The Corporate Media: Distracting Us From the Real Terrorists

Two weeks ago in Arizona, a disturbed man with a gun walked into a group of people attending a local political event organized by a congresswoman and began shooting. Six people were killed and fourteen were wounded in the rampage.

Since the shooting, the media has been exposing us to story after story about it. Many of them have focused on the shooter, Jared Loughner. As always with these kinds of stories, we are forced to listen to journalists debate their usual list of hysterical questions: Why did Loughner do it? Where did he buy his gun? Is it only a matter of time until we see another “Arizona”? Is the Arizona shooter a “terrorist”? We seem to hear the same stories and stupid questions from the media every time there is some sensational act of violence in the world.

But as awful as these individual acts of sensational violence are, they don’t compare to the everyday terror that doesn’t make the news headlines: the violence inflicted on millions by banks and corporations.

Currently, more than 25 million people in the United States are either unemployed or working part-time when they prefer to be working full-time. And many of those unemployed have been so for months, in some cases years. The number of people who have been unemployed 99 weeks or longer is more than 2 million. And why are so many people forced to suffer through this daily terror of not knowing when, or if, they will ever find a job? Simply because it wouldn’t be profitable for corporations to hire them.

Many of those unemployed have also been kicked out of their homes by banks who are only interested in whether someone pays their mortgage-not whether a family is now terrified about where they will sleep. Since the beginning of the economic crisis, more than three million homes have been repossessed by banks. And for the millions of families who are under the threat of foreclosure, the terrorists are planning another attack in the coming years: in 2011 alone, the banks are predicting that they will repossess more than 1.2 million homes. By 2013, the total number of homes repossessed is predicted to be six million.

As a result of these attacks by corporations and banks, more than 43 million people in the US are now living in poverty-the highest number ever recorded. This increasing poverty is reflected in the record numbers of people who are struggling just to find enough food to eat. In California alone, more than 11 million people live in households where people don’t have enough to eat or have to worry where each meal will come from. Because their growth and development depends on getting proper nutrition, this kind of food insecurity hits young children especially hard. Throughout the country, food banks have been reporting shortages of food due to increases in demand.
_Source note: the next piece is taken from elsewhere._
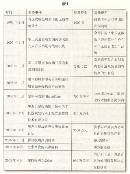 從2003年開始,國內(nèi)就顯現(xiàn)出并購增值服務(wù)運(yùn)營企業(yè)的苗頭。2004年以來,隨著整治增值服務(wù)運(yùn)營企業(yè)的力度不斷加大,并購漸成風(fēng)潮(見表1)。2004年2月,新浪收購深圳網(wǎng)興科技公司;2004年5月,搜狐收購手機(jī)WAP服務(wù)提供商北京吉菲爾公司。2005年,在“超級(jí)女生”節(jié)目大獲成功后,掌上靈通宣布將對(duì)國內(nèi)著名的九天音樂網(wǎng)進(jìn)行戰(zhàn)略投資,全面打造“中國正版數(shù)字音樂第一門戶”和“無線百老匯”品牌。各大移動(dòng)增值業(yè)務(wù)服務(wù)商通過并購競(jìng)爭對(duì)手,門戶網(wǎng)站可以在移動(dòng)增值服務(wù)領(lǐng)域?qū)で笮碌耐黄,獲得可觀的利益,增強(qiáng)自身的競(jìng)爭力。伴隨著3G商用的日益臨近和市場(chǎng)競(jìng)爭的不斷加劇,主流SP(服務(wù)提供商)進(jìn)一步加快了資本購并和業(yè)務(wù)整合的步伐,整個(gè)SP行業(yè)將加速洗牌。經(jīng)過市場(chǎng)整合,主流SP將不斷做大做強(qiáng),而相當(dāng)多的缺乏市場(chǎng)競(jìng)爭力的SP將被淘汰出局。

But things are great for the banks and corporations. Their attacks have wreaked havoc on millions, but have made them billions in profits. Recently, corporations announced that their last quarter was the most profitable ever. And just last week Goldman Sachs announced it will be paying out more than $15 billion just in bonuses, most of it going to high-level executives.

But the message we hear from the news media day-in and day-out is that we should focus our anger elsewhere or be afraid of crazy individuals lurking around the corner. They tell us we should be mad at the public worker who has a pension. That we should be mad at the undocumented immigrant. That we should be afraid of the “terrorist” who wants to ride our airplane. And on and on.

It is not a surprise that the media do this rather than report on the real terrorism inflicted by banks and corporations.  After all, that’s who owns them. But we shouldn’t let them tell us who to be mad at. And we can’t let them distract us from the real story: that it is their system that really terrorizes people. That it is the actions of banks and corporations that is the biggest threat to our well-being and the well-being of the planet. And that we have the collective power to put an end to it.